**Task objective:**
Provide an exact copy of the data, excluding the images.

** Opening Data records block **

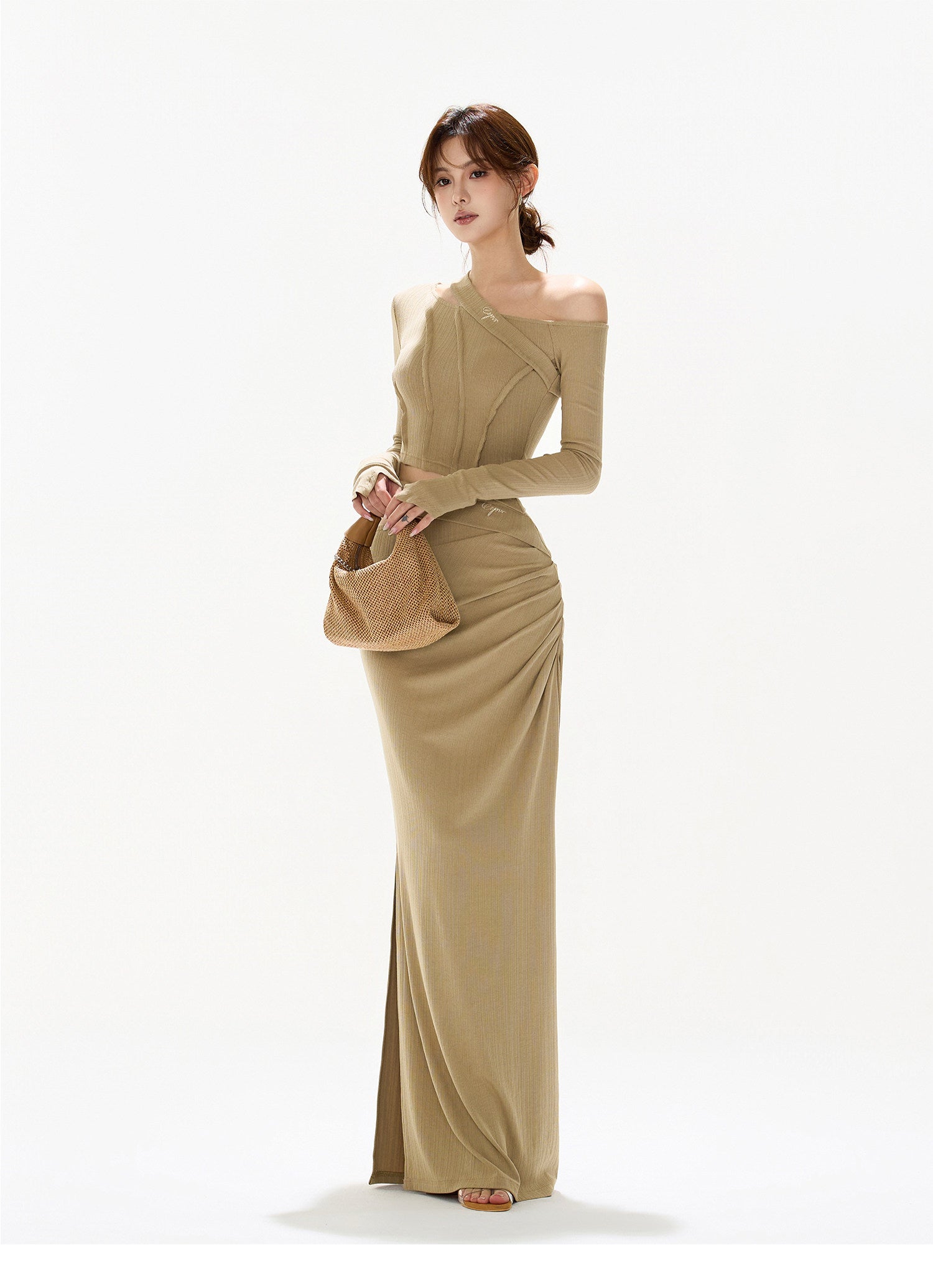 程よくフィットするニット素材を使用した、知性と色気を兼ね備えたセットアップ。斜めショルダーのトップスは、デコルテラインを美しく見せつつ、さりげない抜け感を演出します。ウエスト部分のラップ風デザインとカットアウトがアクセントとなり、ヒップラインに沿うロングスカートが女性らしいシルエットを強調。上品さを保ちながらも、トレンド感のある「大人の辣妹スタイル」を叶える一着です。セットでも単品でも着用可能で、幅広いシーンに対応します。
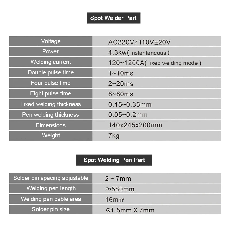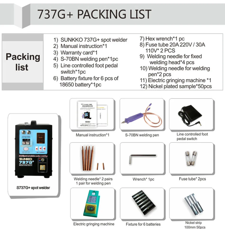 Характеристики: 100% новые и высококачественные. Тип: точечный сварочный аппарат для батареи Модель: SUNKKO 737G + Входное напряжение: 110 В/220 В мощность: 4,3 кВт (мгновенный) Макс. Сварка Толщина: 0,35 мм сварочный ток: 120A-1200A (Push-up режим сварки) предохранитель: 20A предохранитель (110V-30A предохранитель) Применение: литиевая Батарея сварки Особенности: Автоматическая точечная сварка или управление педалью для ног тариф на сварку: цена нашей продукции не включает тарифы. Когда товары проходят таможню, может потребоваться оплатить тариф. Вы можете проконсультироваться с местными таможенными правилами.
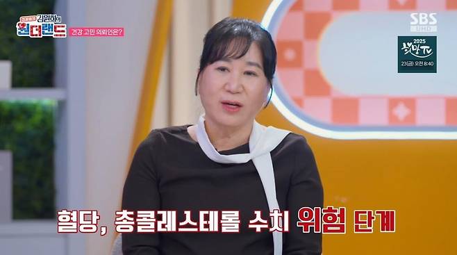 이날 건강 의뢰인으로 출연한 65세 원혜랑 씨는 "혈당과 고지혈증 수치가 위험 단계인데다 간 수치까지 치솟아 걱정이 돼서 나오게 됐다"라고 밝혔다.
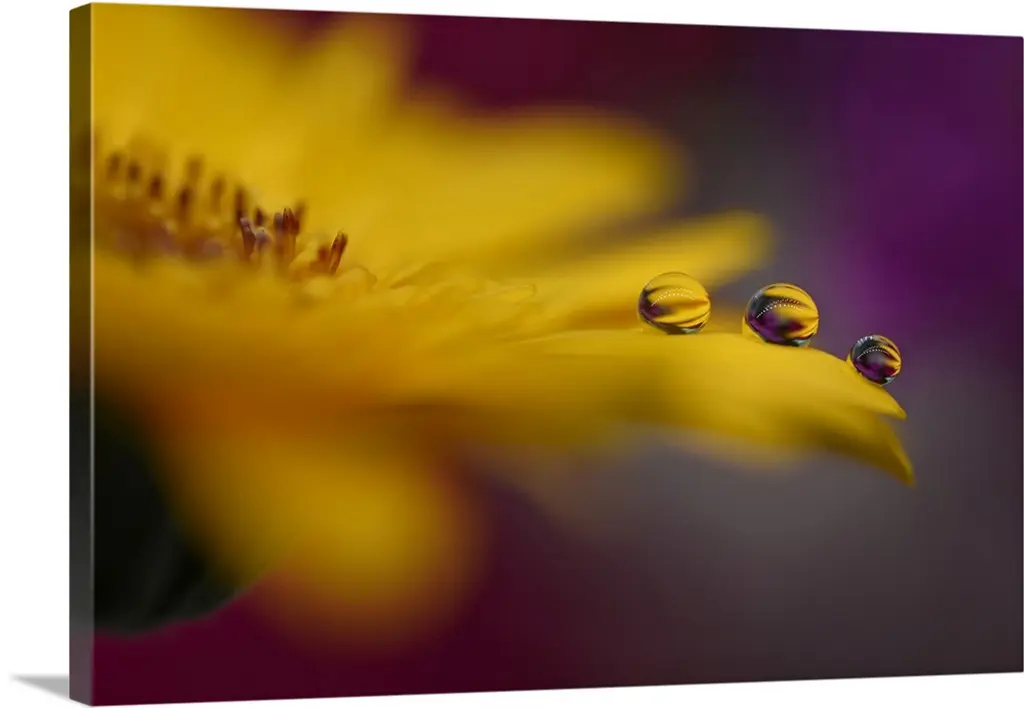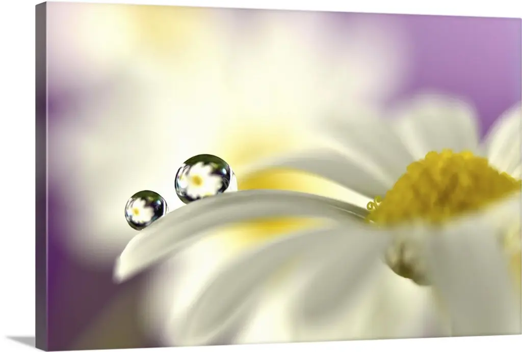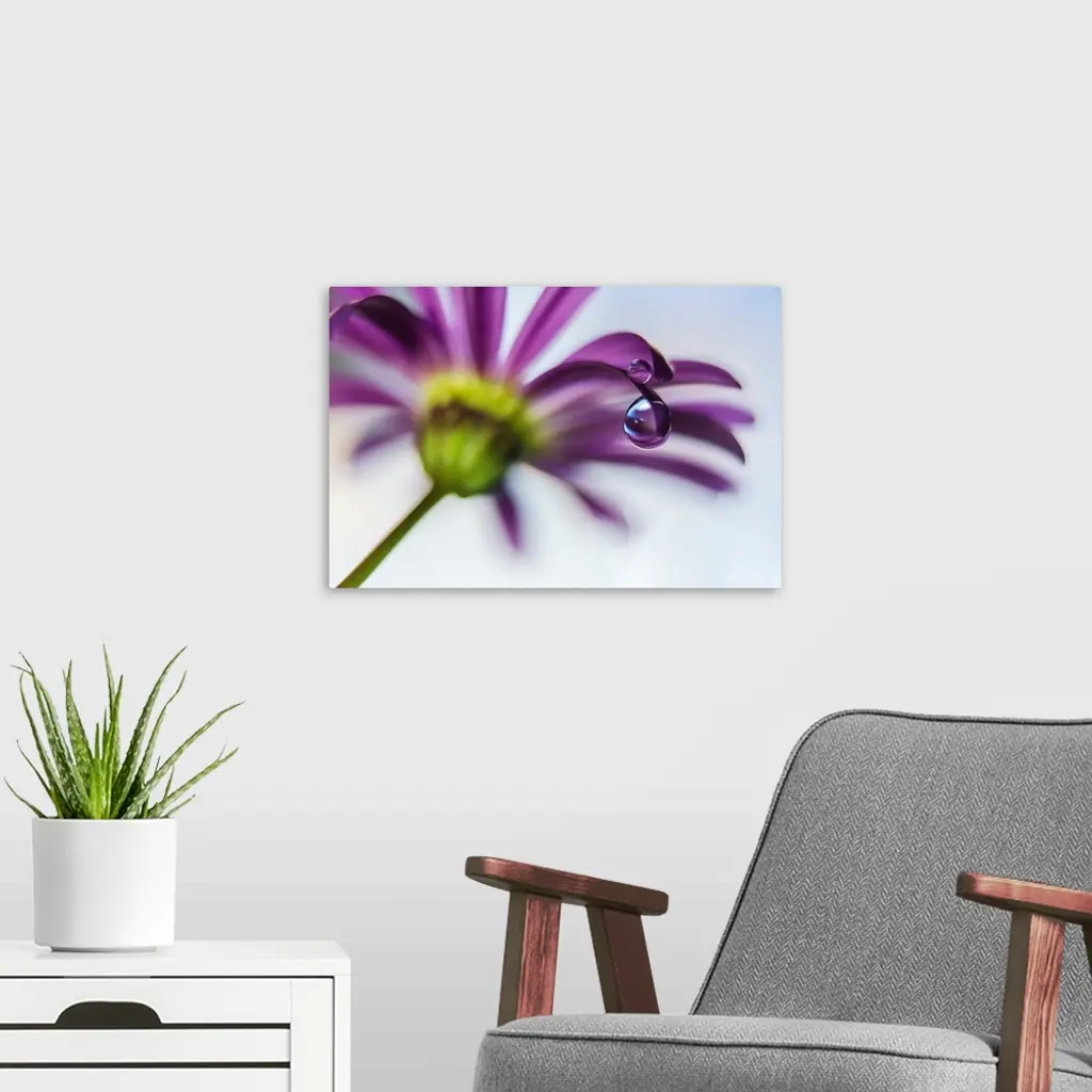 Macro photograph of a water droplet on a purple flower petal with a shallow depth of field.
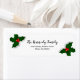 Christmas labels with festive holly leaves and berries.
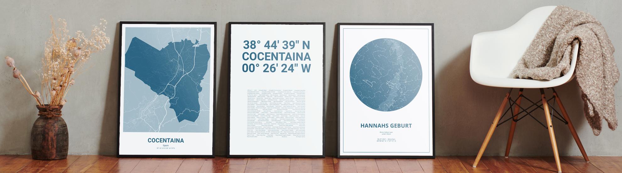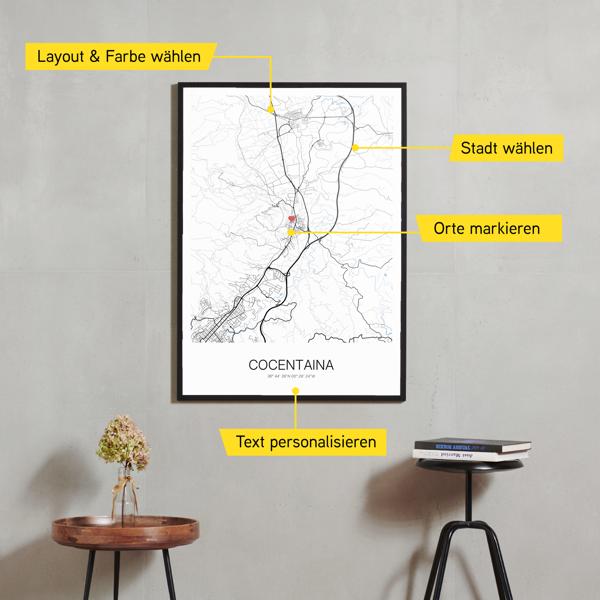 Wähle Farben und Layouts, die perfekt zu dir passen. Ob als klassische Karte in schwarz-weiß oder in modernen Farben. Bei Cartida kannst du ein Design in deinen Lieblingsfarben wählen. Erstelle eine Variante von Cocentaina, die perfekt zu dir und deiner Wohnung passt.
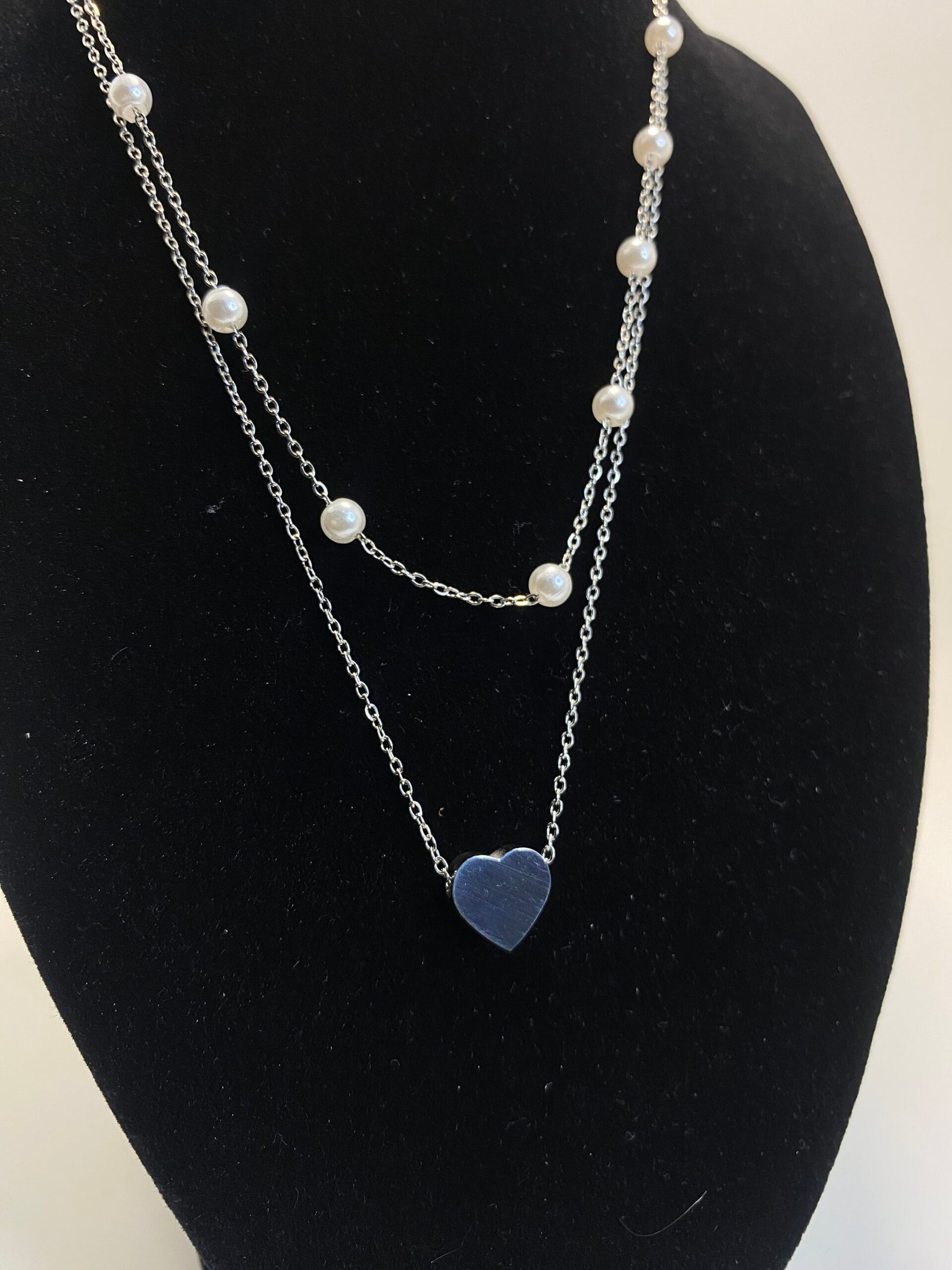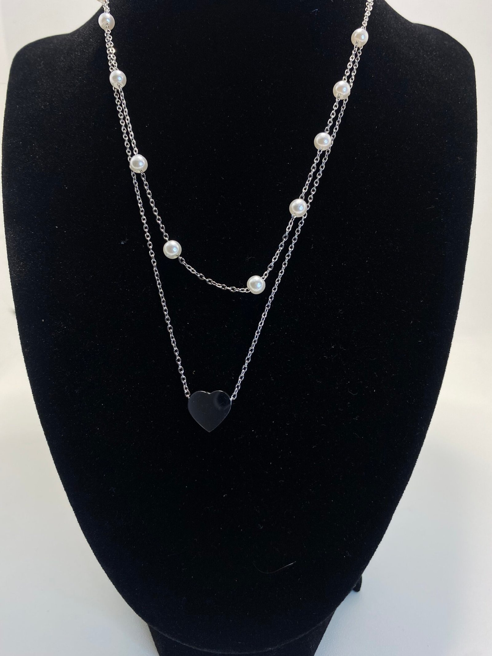 Elaborado en acero inoxidable con perlas blancas , este collar ofrece un aspecto lujoso a un precio asequible, por lo que es una excelente opción para aquellos que desean elevar su estilo sin romper el banco.
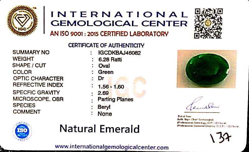 A vibrant Natural Emerald weighing 6.28 Ratti (5.65 carats), crafted in an elegant Oval , exhibiting a lovely green hue with translucent clarity. This gemstone has undergone moderate clarity enhancement (F2) with oil, as verified by a Govt. Lab Certificate (Report No. IGCDKBAJ46082)
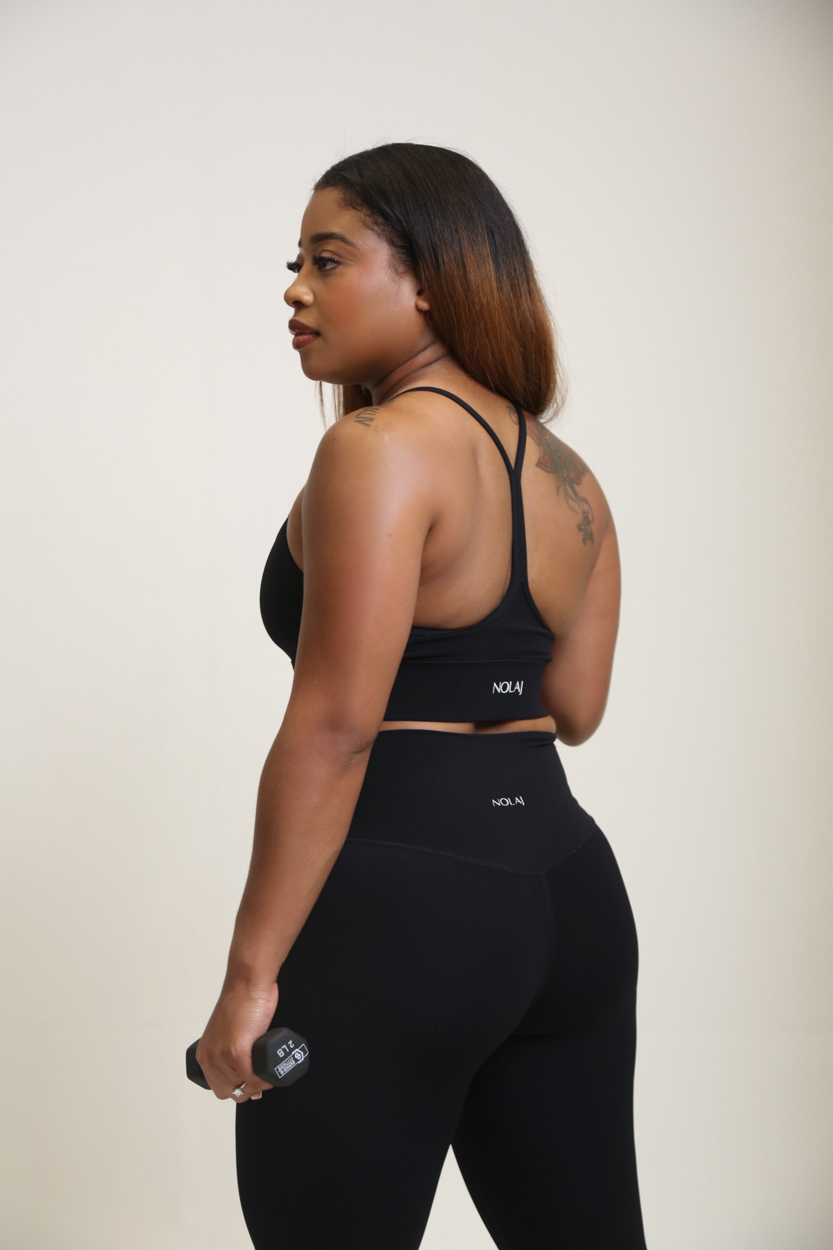 In our NULS skin buttery fabric, thick band for support, sweat wicking, quick drying, breathable and removable pads.
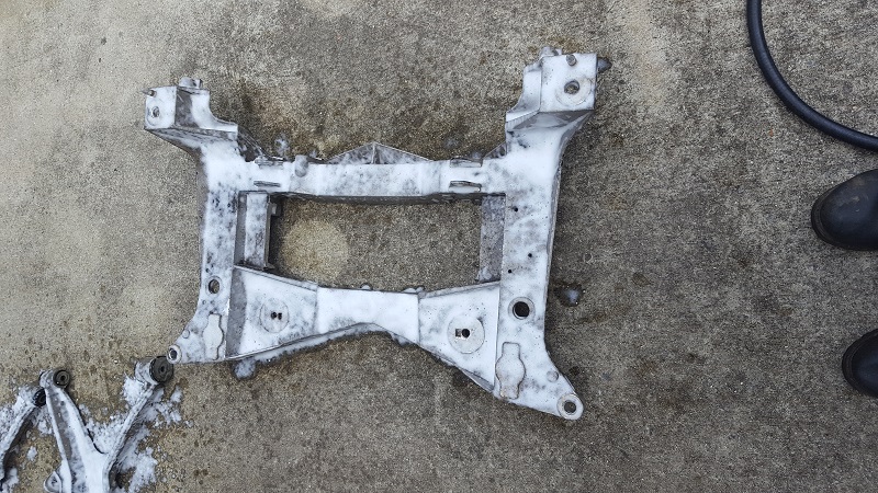 I was a little dumbstruck. I could see it, but I was having a tough time processing it. It sunk in when Mike gave the car a little push and it rolled. It was a really awesome moment for me. We decided to give the car a much needed bath, so that was done. Then Mike had me start taking apart the rear suspension on the passenger side, so he could start doing some final welding, we could mount the brake calipers, and I could replace the rear hubs.

** Closing Data records block **

**Exercise answer:**
 程よくフィットするニット素材を使用した、知性と色気を兼ね備えたセットアップ。斜めショルダーのトップスは、デコルテラインを美しく見せつつ、さりげない抜け感を演出します。ウエスト部分のラップ風デザインとカットアウトがアクセントとなり、ヒップラインに沿うロングスカートが女性らしいシルエットを強調。上品さを保ちながらも、トレンド感のある「大人の辣妹スタイル」を叶える一着です。セットでも単品でも着用可能で、幅広いシーンに対応します。
 Характеристики: 100% новые и высококачественные. Тип: точечный сварочный аппарат для батареи Модель: SUNKKO 737G + Входное напряжение: 110 В/220 В мощность: 4,3 кВт (мгновенный) Макс. Сварка Толщина: 0,35 мм сварочный ток: 120A-1200A (Push-up режим сварки) предохранитель: 20A предохранитель (110V-30A предохранитель) Применение: литиевая Батарея сварки Особенности: Автоматическая точечная сварка или управление педалью для ног тариф на сварку: цена нашей продукции не включает тарифы. Когда товары проходят таможню, может потребоваться оплатить тариф. Вы можете проконсультироваться с местными таможенными правилами.
 이날 건강 의뢰인으로 출연한 65세 원혜랑 씨는 "혈당과 고지혈증 수치가 위험 단계인데다 간 수치까지 치솟아 걱정이 돼서 나오게 됐다"라고 밝혔다.
 Macro photograph of a water droplet on a purple flower petal with a shallow depth of field.
 Christmas labels with festive holly leaves and berries.
 Wähle Farben und Layouts, die perfekt zu dir passen. Ob als klassische Karte in schwarz-weiß oder in modernen Farben. Bei Cartida kannst du ein Design in deinen Lieblingsfarben wählen. Erstelle eine Variante von Cocentaina, die perfekt zu dir und deiner Wohnung passt.
 Elaborado en acero inoxidable con perlas blancas , este collar ofrece un aspecto lujoso a un precio asequible, por lo que es una excelente opción para aquellos que desean elevar su estilo sin romper el banco.
 A vibrant Natural Emerald weighing 6.28 Ratti (5.65 carats), crafted in an elegant Oval , exhibiting a lovely green hue with translucent clarity. This gemstone has undergone moderate clarity enhancement (F2) with oil, as verified by a Govt. Lab Certificate (Report No. IGCDKBAJ46082)
 In our NULS skin buttery fabric, thick band for support, sweat wicking, quick drying, breathable and removable pads.
 I was a little dumbstruck. I could see it, but I was having a tough time processing it. It sunk in when Mike gave the car a little push and it rolled. It was a really awesome moment for me. We decided to give the car a much needed bath, so that was done. Then Mike had me start taking apart the rear suspension on the passenger side, so he could start doing some final welding, we could mount the brake calipers, and I could replace the rear hubs.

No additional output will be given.